WHAT YOU SHOULD DO:
Starting at the first line of the entries below, please return exactly each line up to and including the one with "To make an egg"; pictures stay out.

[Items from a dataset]
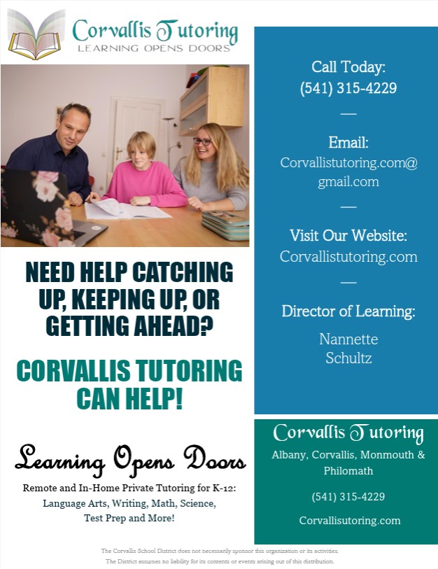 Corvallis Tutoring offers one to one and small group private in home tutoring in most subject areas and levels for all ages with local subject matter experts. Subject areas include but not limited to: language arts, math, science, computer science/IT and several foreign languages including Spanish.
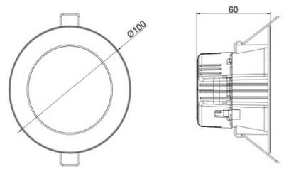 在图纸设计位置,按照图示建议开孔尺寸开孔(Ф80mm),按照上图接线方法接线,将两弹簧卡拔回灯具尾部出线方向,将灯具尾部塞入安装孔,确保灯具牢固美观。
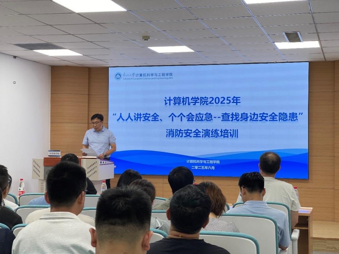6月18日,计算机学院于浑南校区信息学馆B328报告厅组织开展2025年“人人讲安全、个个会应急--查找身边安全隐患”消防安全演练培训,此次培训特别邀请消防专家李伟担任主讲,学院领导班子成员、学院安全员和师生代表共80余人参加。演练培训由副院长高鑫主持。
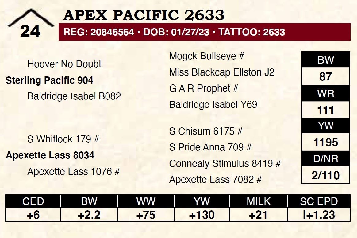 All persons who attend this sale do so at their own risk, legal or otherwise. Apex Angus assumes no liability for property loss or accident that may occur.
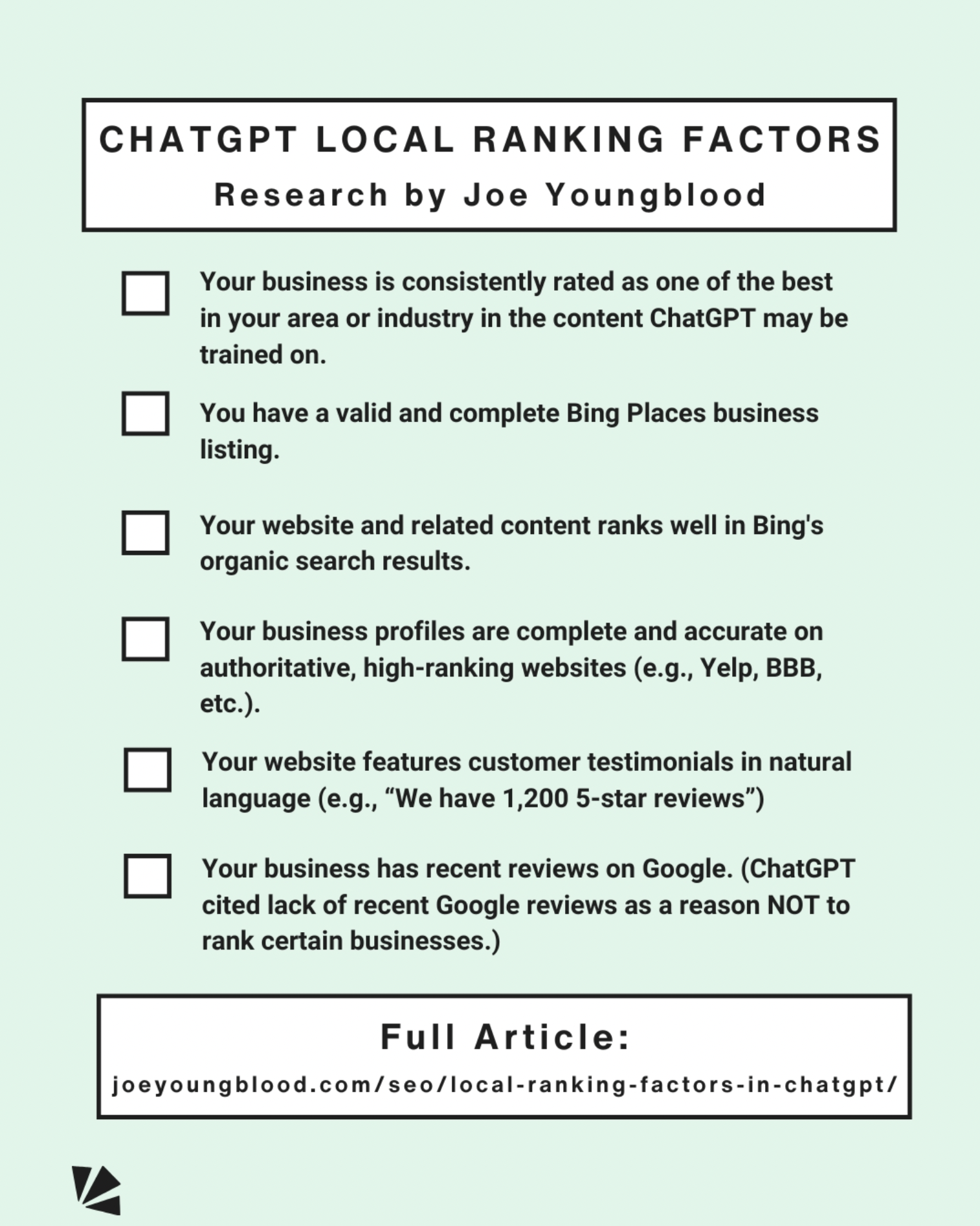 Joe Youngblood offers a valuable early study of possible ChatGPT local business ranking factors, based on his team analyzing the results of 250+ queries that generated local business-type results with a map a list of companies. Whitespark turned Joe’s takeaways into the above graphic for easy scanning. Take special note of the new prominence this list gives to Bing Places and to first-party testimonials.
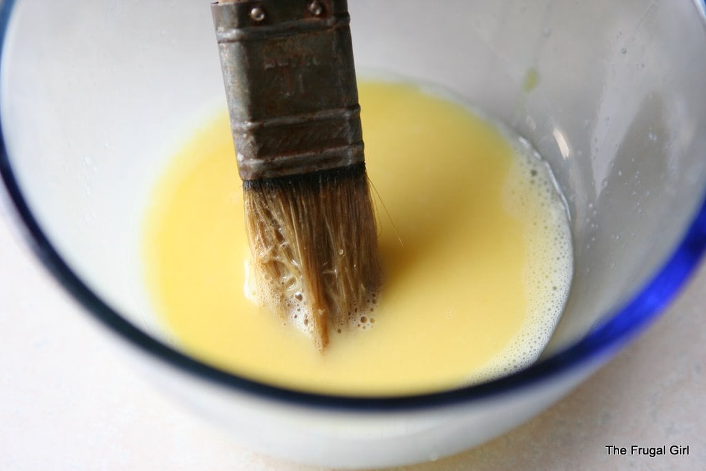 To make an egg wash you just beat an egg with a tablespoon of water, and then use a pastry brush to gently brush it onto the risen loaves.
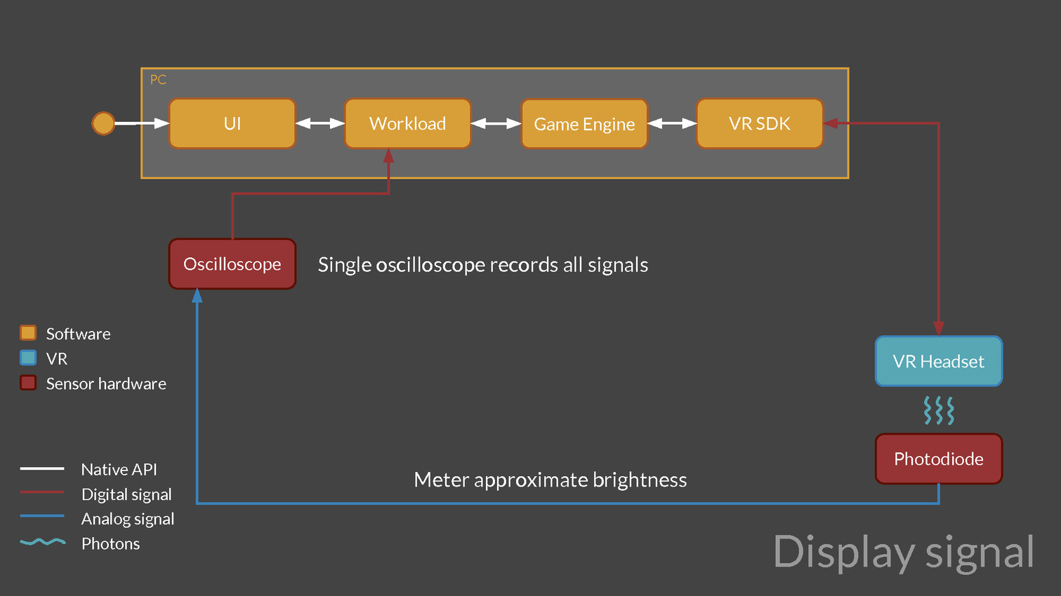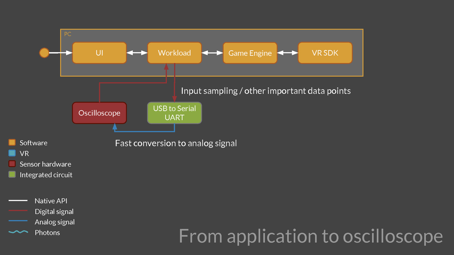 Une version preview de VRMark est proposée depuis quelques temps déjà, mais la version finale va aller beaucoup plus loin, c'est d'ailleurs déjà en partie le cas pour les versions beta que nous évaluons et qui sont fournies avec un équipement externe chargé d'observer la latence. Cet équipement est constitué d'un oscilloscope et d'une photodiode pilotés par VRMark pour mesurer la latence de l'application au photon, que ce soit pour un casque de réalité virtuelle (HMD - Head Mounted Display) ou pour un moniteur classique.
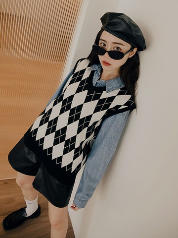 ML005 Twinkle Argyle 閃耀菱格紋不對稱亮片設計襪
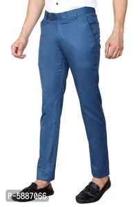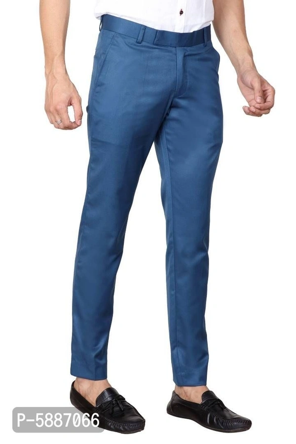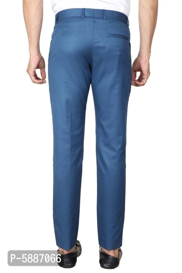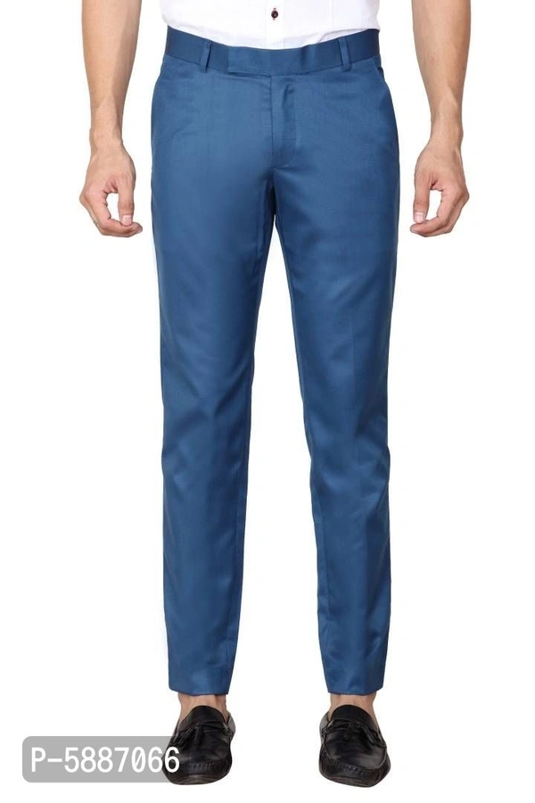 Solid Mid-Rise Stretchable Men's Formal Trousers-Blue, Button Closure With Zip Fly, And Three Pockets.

THE COMPLETED TASK:
 Corvallis Tutoring offers one to one and small group private in home tutoring in most subject areas and levels for all ages with local subject matter experts. Subject areas include but not limited to: language arts, math, science, computer science/IT and several foreign languages including Spanish.
 在图纸设计位置,按照图示建议开孔尺寸开孔(Ф80mm),按照上图接线方法接线,将两弹簧卡拔回灯具尾部出线方向,将灯具尾部塞入安装孔,确保灯具牢固美观。
6月18日,计算机学院于浑南校区信息学馆B328报告厅组织开展2025年“人人讲安全、个个会应急--查找身边安全隐患”消防安全演练培训,此次培训特别邀请消防专家李伟担任主讲,学院领导班子成员、学院安全员和师生代表共80余人参加。演练培训由副院长高鑫主持。
 All persons who attend this sale do so at their own risk, legal or otherwise. Apex Angus assumes no liability for property loss or accident that may occur.
 Joe Youngblood offers a valuable early study of possible ChatGPT local business ranking factors, based on his team analyzing the results of 250+ queries that generated local business-type results with a map a list of companies. Whitespark turned Joe’s takeaways into the above graphic for easy scanning. Take special note of the new prominence this list gives to Bing Places and to first-party testimonials.
 To make an egg wash you just beat an egg with a tablespoon of water, and then use a pastry brush to gently brush it onto the risen loaves.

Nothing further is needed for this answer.